## WHAT THE TASK REQUIRES
What is needed is an exact copy of the entries below, with every picture left out.

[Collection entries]
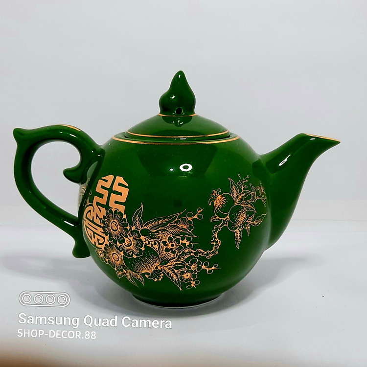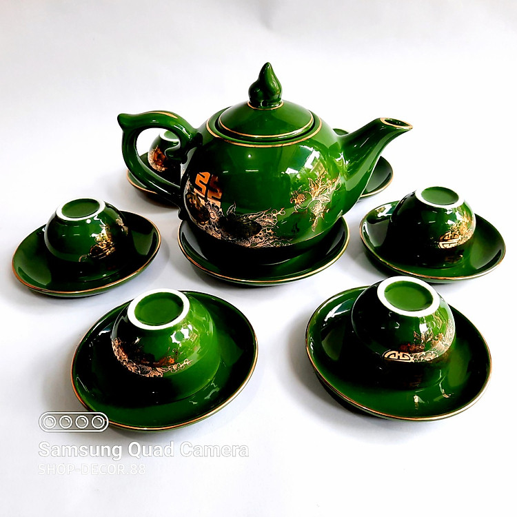 Bộ ấm chén bưởi rêu đào thọ vẽ vàng 24k là sản phẩm hội tụ được nét tinh xảo của bàn tay Nghệ nhân Bát Tràng. Bên ngoài được tráng một lớp men xanh ngọc độc đáo kết hợp với các họa tiết viền vàng kim 24k đảm bảo sự sang trọng quý phái
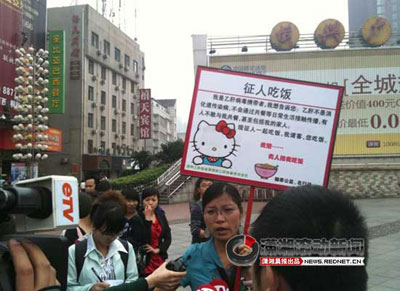 “锄草”此前曾在上海、广州、南京等地举牌“征人吃饭”,被许多权威媒体报道过。今天(5月19日)是世界乙肝日,“锄草”的活动更加受人瞩目。(潇湘晨报滚动新闻实习记者 张振 向帅 唐利华)
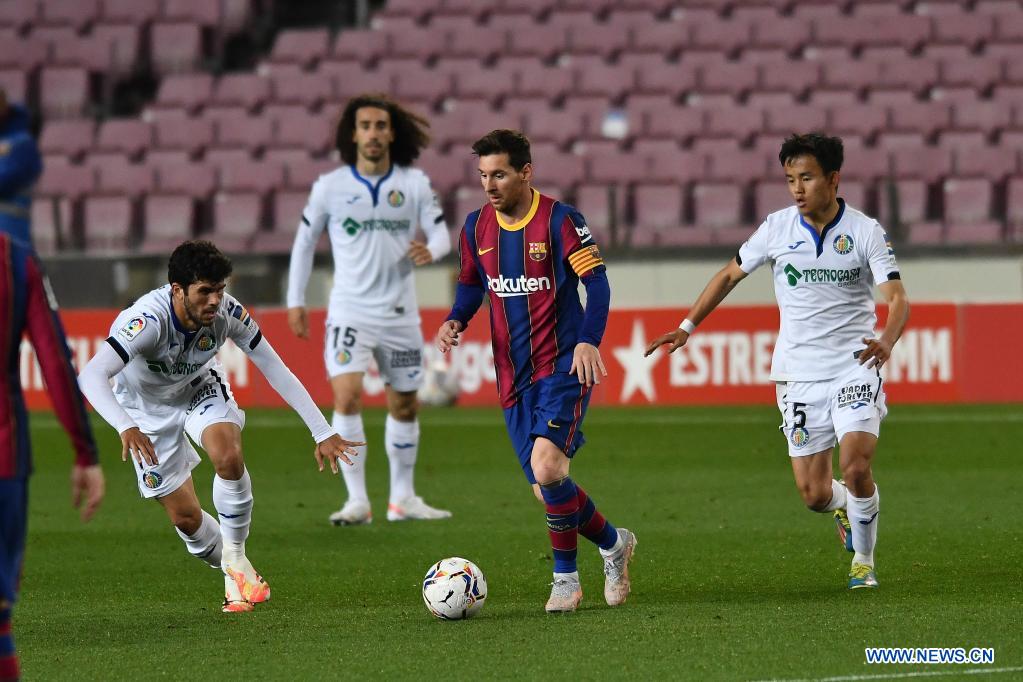 Barcelona's Lionel Messi (2nd R) competes during a Spanish football league match between FC Barcelona and Getafe CF in Barcelona, Spain, on April 22, 2021. (Photo by Joan Gosa/Xinhua)
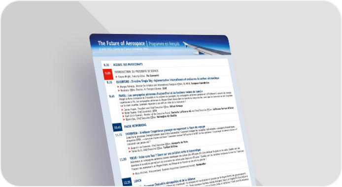 The Future of Aerospace | Programme en français 9 avril 2015, Cercle de l’Union Interalliée, Paris 8.30 ACCUEIL DES PARTICIPANTS 9.00 INTRODUCTION DU PRESIDENT DE SEANCE ➤ Simon Wright, Industry Editor, The Economist 9.15 OUVERTURE : Directive Single Sky, réglementation internationale et croissance du secteur aéronautique ➤ Margus Rahuoja, Director for Aviation and International Transport Affairs, DG MOVE, European Commission ➤ Boubacar Djibo, Director, Air Transport Bureau, ICAO 9.45 PANEL : Les compagnies aériennes d’aujourd’hui et les business models de demain Malgré la forte croissance de l’industrie et du nombre de passagers, les compagnies aériennes parviennent difficilement à assurer des marges supérieures à 1%. Les compagnies aériennes du Moyen-Orient bousculent le marché du long-courrier, alors que les low-costs se sont imposées sur le court-courrier. Comment répondre à ces défis et créer de la croissance ? ➤ James Hogan, President and Chief Executive Officer, Etihad Airways ➤ Brian Pearce, Chief Economist, IATA ➤ Karl Ulrich Garnadt, Member of the Executive Board, Deutsche Lufthansa AG and Chief Executive Officer, Lufthansa German Airlines ➤ Bjørn Kjos, Chief Executive Officer, Norwegian Air Shuttle 10.45 PAUSE NETWORKING 11.15 INTERVIEW : Améliorer l’expérience passager en repensant la façon de voyager Jusqu’où le processus d’enregistrement peut-il être automatisé ? Comment intégrer les nouvelles technologies—passeports biométriques, étiquettes RFID…—dans une chaîne continue ? Comment évaluer l’efficacité et le ROI de tels systèmes ? Le passager de demain pourra-t-il concevoir son propre vol ? ➤ Augustin de Romanet, Chief Executive Officer, Aéroports de Paris ➤ Temel Kotil, Chief Executive Officer, Turkish Airlines 11.50 FOCUS : Voler sans fuel ? Zoom sur une aviation verte et économique Avionneurs et compagnies aériennes doivent développer des avions plus efficaces afin d’en diminuer le poids et les coûts. Quelles sont les dernières innovations permettant de construire des avions plus légers et efficaces ? Quelles sont les dernières tendances du marché ? Quel sera l’impact des évènements au Moyen-Orient, en Afrique et en Russie sur les prix du pétrole ? ➤ Ross Mitchell, Vice-president, Business Acquisition Commercial Aircraft, Bombardier 12.25 LUNCH 14.00 PANEL : Repenser l’industrie aérospatiale et de la défense Le marché de l’aérospatial et de la défense est chamboulé : la demande est mondialisée et poussée par le Moyen-Orient, les gouvernements coupent les budgets, et les banques accordent moins de prêts. Quels nouveaux business models émergent face à cet impératif d’innovation et de diversification ? Les technologies telles que les drones réduiront-elles le fossé entre activités civiles et militaires ? Quels sont les nouveaux instruments de financement ? ➤ Introduction par : Nour-Eddine Zanouda, Aerospace and Defense leading Partner – France, Maghreb and Luxemburg, EY ➤ Nelson Salgado, Vice-president of Institutional Relations and Sustainability, Embraer ➤ Patrick Auroy, Assistant Secretary General for Defence Investment, NATO ➤ Tony Wood, President, Aerospace, Rolls Royce L’innovation dans l’aviation en 2020 15.00 DISCOURS : ➤ Yann Barbaux, Senior Vice-president Innovation, Airbus 15.15 PAUSE CAFE 15.45 PANEL : Construire des supply chains sans failles dans un environnement global complexe Alors que les carnets de commandes explosent, les fournisseurs font face à des contraintes de capacité et de coûts. Quel sera le nouveau visage de la supply chain de demain ? L’investissement pourra-t-il tenir le rythme de la croissance ? Comment limiter les risques à chaque étape de la supply chain ? Comment préserver son avantage compétitif alors qu’un certain nombre de transferts de technologies sont également nécessaires ? ➤ Michel Tellier, Vice-president Aerospace & Defense Industry, Dassault Systemes ➤ Marcus Bryson, Chief Executive Aerospace and Landsystems, GKN Aerospace ➤ Frédéric Michelland, Chief Executive Officer, Latécoère 16.30 ZOOM : L’espace, les satellites, et l’investissement privé Longtemps réservée aux Etats en quête de pouvoir et de prestige, la conquête de l’espace relève maintenant du secteur privé : c’est lui qui envoi les satellites en orbite. Quelles collaborations avec les gouvernements, les fournisseurs d’internet et le secteur des télécommunications ? Les fusées peuvent-elle être réutilisées ? Qui se chargera de nettoyer l’espace pollué par les débris ? ➤ Jim Simpson, Vice-president, Business Development and Chief Strategist, Network & Space Systems, Boeing 16.45 DISCOURS DE CLÔTURE 17.00 CONCLUSION DU PRESIDENT DE SEANCE
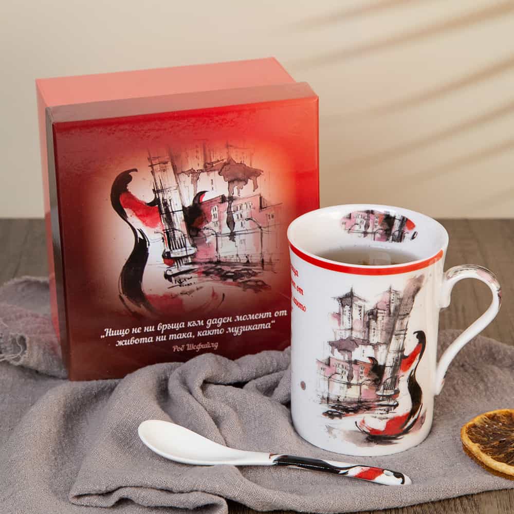 This cup with an image of a guitar and the inspiring quote by Rob Sheffield: "Nothing returns us to a moment in our lives like music" is the ideal gift for music lovers and music enthusiasts. Presented in a luxurious gift box.
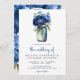 Royal Blue Floral Mason Jar QR Code Wedding Invitation
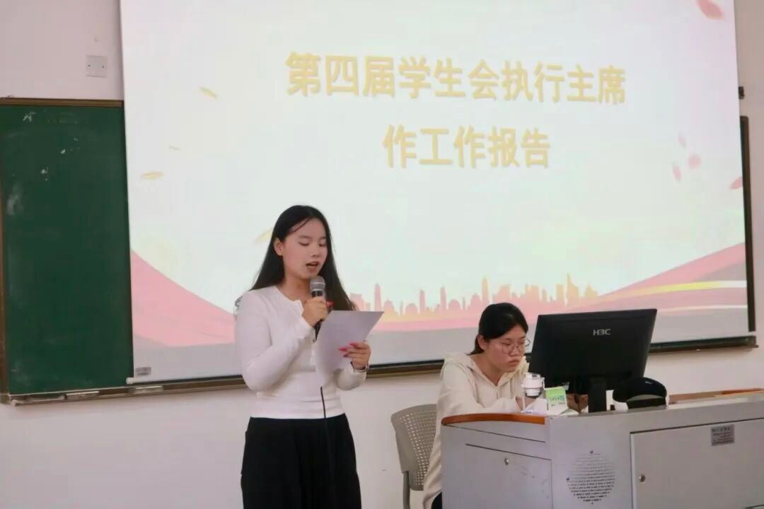 大会在庄严的国歌声中拉开帷幕。党总支副书记梁其钰充分肯定了过去工作,并强调学生组织要继续发挥桥梁纽带作用,服务同学成长,助力学院发展。学生会执行主席吴芷涵同学代表上一届学生会系统报告了2024-2025年度的工作成果与不足,为后续工作提供了参考。
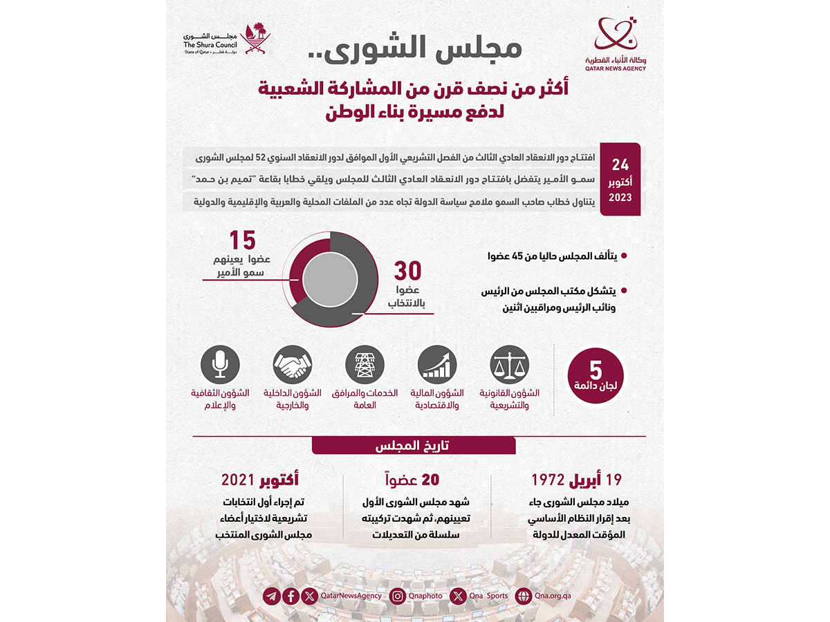 الدوحة في 23 أكتوبر /قنا/ تدشن دولة قطر غدا الثلاثاء مرحلة جديدة من مسيرتها المباركة عبر خيار الشورى الذي ارتضته القيادة الرشيدة والشعب القطري الوفي.
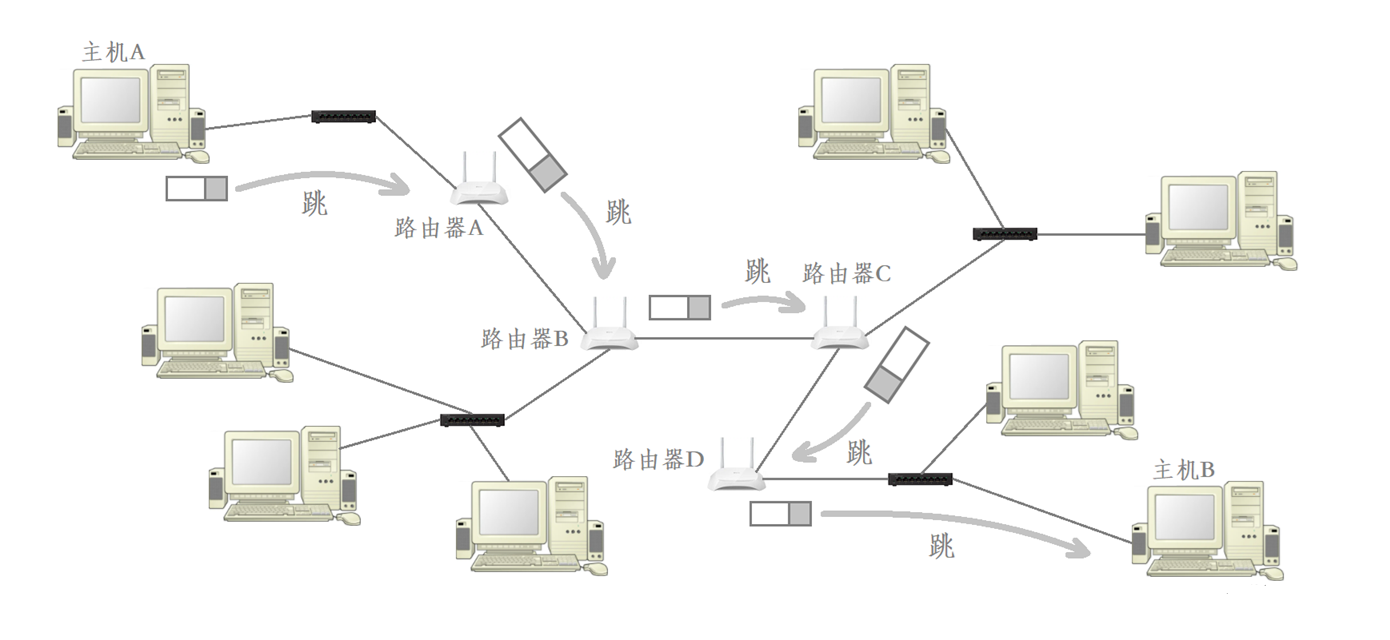 数据在路由的过程中,实际就是一跳一跳(Hop by Hop)"问路"的过程。所谓"一跳"就是数据链路层中的一个区间,具体在以太网中指从源MAC地址到目的MAC地址之间的帧传输区间。
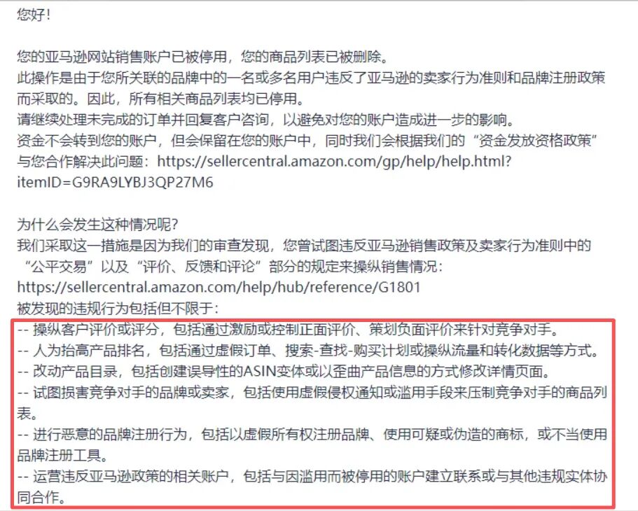 邮件中提及了6点违规行为,包括操纵评论、人为提升产品排名、篡改产品目录、试图损害竞争对手、滥用品牌注册和违反亚马逊政策。
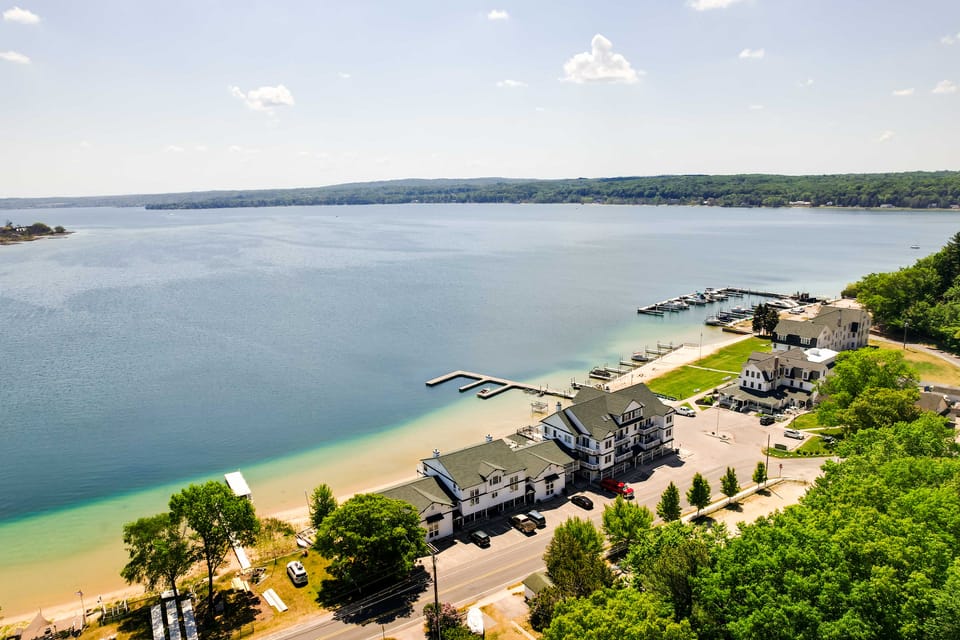 Discover the perfect lakefront retreat at this charming Onekama vacation rental! With its modern interior, luxury amenities, and stunning view, this 2-bed, 1-bath condo offers the ultimate getaway to Portage Lake and Lake Michigan. Take a dip in the waterfront community pool, embark on a boating adventure, or lounge on the sun deck. Later, whip up a meal in the full kitchen and enjoy dinner on the balcony. Whether you seek relaxation or adventure, you’ll love having this condo as your base!

## ANSWER FOR THE TASK
 Bộ ấm chén bưởi rêu đào thọ vẽ vàng 24k là sản phẩm hội tụ được nét tinh xảo của bàn tay Nghệ nhân Bát Tràng. Bên ngoài được tráng một lớp men xanh ngọc độc đáo kết hợp với các họa tiết viền vàng kim 24k đảm bảo sự sang trọng quý phái
 “锄草”此前曾在上海、广州、南京等地举牌“征人吃饭”,被许多权威媒体报道过。今天(5月19日)是世界乙肝日,“锄草”的活动更加受人瞩目。(潇湘晨报滚动新闻实习记者 张振 向帅 唐利华)
 Barcelona's Lionel Messi (2nd R) competes during a Spanish football league match between FC Barcelona and Getafe CF in Barcelona, Spain, on April 22, 2021. (Photo by Joan Gosa/Xinhua)
 The Future of Aerospace | Programme en français 9 avril 2015, Cercle de l’Union Interalliée, Paris 8.30 ACCUEIL DES PARTICIPANTS 9.00 INTRODUCTION DU PRESIDENT DE SEANCE ➤ Simon Wright, Industry Editor, The Economist 9.15 OUVERTURE : Directive Single Sky, réglementation internationale et croissance du secteur aéronautique ➤ Margus Rahuoja, Director for Aviation and International Transport Affairs, DG MOVE, European Commission ➤ Boubacar Djibo, Director, Air Transport Bureau, ICAO 9.45 PANEL : Les compagnies aériennes d’aujourd’hui et les business models de demain Malgré la forte croissance de l’industrie et du nombre de passagers, les compagnies aériennes parviennent difficilement à assurer des marges supérieures à 1%. Les compagnies aériennes du Moyen-Orient bousculent le marché du long-courrier, alors que les low-costs se sont imposées sur le court-courrier. Comment répondre à ces défis et créer de la croissance ? ➤ James Hogan, President and Chief Executive Officer, Etihad Airways ➤ Brian Pearce, Chief Economist, IATA ➤ Karl Ulrich Garnadt, Member of the Executive Board, Deutsche Lufthansa AG and Chief Executive Officer, Lufthansa German Airlines ➤ Bjørn Kjos, Chief Executive Officer, Norwegian Air Shuttle 10.45 PAUSE NETWORKING 11.15 INTERVIEW : Améliorer l’expérience passager en repensant la façon de voyager Jusqu’où le processus d’enregistrement peut-il être automatisé ? Comment intégrer les nouvelles technologies—passeports biométriques, étiquettes RFID…—dans une chaîne continue ? Comment évaluer l’efficacité et le ROI de tels systèmes ? Le passager de demain pourra-t-il concevoir son propre vol ? ➤ Augustin de Romanet, Chief Executive Officer, Aéroports de Paris ➤ Temel Kotil, Chief Executive Officer, Turkish Airlines 11.50 FOCUS : Voler sans fuel ? Zoom sur une aviation verte et économique Avionneurs et compagnies aériennes doivent développer des avions plus efficaces afin d’en diminuer le poids et les coûts. Quelles sont les dernières innovations permettant de construire des avions plus légers et efficaces ? Quelles sont les dernières tendances du marché ? Quel sera l’impact des évènements au Moyen-Orient, en Afrique et en Russie sur les prix du pétrole ? ➤ Ross Mitchell, Vice-president, Business Acquisition Commercial Aircraft, Bombardier 12.25 LUNCH 14.00 PANEL : Repenser l’industrie aérospatiale et de la défense Le marché de l’aérospatial et de la défense est chamboulé : la demande est mondialisée et poussée par le Moyen-Orient, les gouvernements coupent les budgets, et les banques accordent moins de prêts. Quels nouveaux business models émergent face à cet impératif d’innovation et de diversification ? Les technologies telles que les drones réduiront-elles le fossé entre activités civiles et militaires ? Quels sont les nouveaux instruments de financement ? ➤ Introduction par : Nour-Eddine Zanouda, Aerospace and Defense leading Partner – France, Maghreb and Luxemburg, EY ➤ Nelson Salgado, Vice-president of Institutional Relations and Sustainability, Embraer ➤ Patrick Auroy, Assistant Secretary General for Defence Investment, NATO ➤ Tony Wood, President, Aerospace, Rolls Royce L’innovation dans l’aviation en 2020 15.00 DISCOURS : ➤ Yann Barbaux, Senior Vice-president Innovation, Airbus 15.15 PAUSE CAFE 15.45 PANEL : Construire des supply chains sans failles dans un environnement global complexe Alors que les carnets de commandes explosent, les fournisseurs font face à des contraintes de capacité et de coûts. Quel sera le nouveau visage de la supply chain de demain ? L’investissement pourra-t-il tenir le rythme de la croissance ? Comment limiter les risques à chaque étape de la supply chain ? Comment préserver son avantage compétitif alors qu’un certain nombre de transferts de technologies sont également nécessaires ? ➤ Michel Tellier, Vice-president Aerospace & Defense Industry, Dassault Systemes ➤ Marcus Bryson, Chief Executive Aerospace and Landsystems, GKN Aerospace ➤ Frédéric Michelland, Chief Executive Officer, Latécoère 16.30 ZOOM : L’espace, les satellites, et l’investissement privé Longtemps réservée aux Etats en quête de pouvoir et de prestige, la conquête de l’espace relève maintenant du secteur privé : c’est lui qui envoi les satellites en orbite. Quelles collaborations avec les gouvernements, les fournisseurs d’internet et le secteur des télécommunications ? Les fusées peuvent-elle être réutilisées ? Qui se chargera de nettoyer l’espace pollué par les débris ? ➤ Jim Simpson, Vice-president, Business Development and Chief Strategist, Network & Space Systems, Boeing 16.45 DISCOURS DE CLÔTURE 17.00 CONCLUSION DU PRESIDENT DE SEANCE
 This cup with an image of a guitar and the inspiring quote by Rob Sheffield: "Nothing returns us to a moment in our lives like music" is the ideal gift for music lovers and music enthusiasts. Presented in a luxurious gift box.
 Royal Blue Floral Mason Jar QR Code Wedding Invitation
 大会在庄严的国歌声中拉开帷幕。党总支副书记梁其钰充分肯定了过去工作,并强调学生组织要继续发挥桥梁纽带作用,服务同学成长,助力学院发展。学生会执行主席吴芷涵同学代表上一届学生会系统报告了2024-2025年度的工作成果与不足,为后续工作提供了参考。
 الدوحة في 23 أكتوبر /قنا/ تدشن دولة قطر غدا الثلاثاء مرحلة جديدة من مسيرتها المباركة عبر خيار الشورى الذي ارتضته القيادة الرشيدة والشعب القطري الوفي.
 数据在路由的过程中,实际就是一跳一跳(Hop by Hop)"问路"的过程。所谓"一跳"就是数据链路层中的一个区间,具体在以太网中指从源MAC地址到目的MAC地址之间的帧传输区间。
 邮件中提及了6点违规行为,包括操纵评论、人为提升产品排名、篡改产品目录、试图损害竞争对手、滥用品牌注册和违反亚马逊政策。
 Discover the perfect lakefront retreat at this charming Onekama vacation rental! With its modern interior, luxury amenities, and stunning view, this 2-bed, 1-bath condo offers the ultimate getaway to Portage Lake and Lake Michigan. Take a dip in the waterfront community pool, embark on a boating adventure, or lounge on the sun deck. Later, whip up a meal in the full kitchen and enjoy dinner on the balcony. Whether you seek relaxation or adventure, you’ll love having this condo as your base!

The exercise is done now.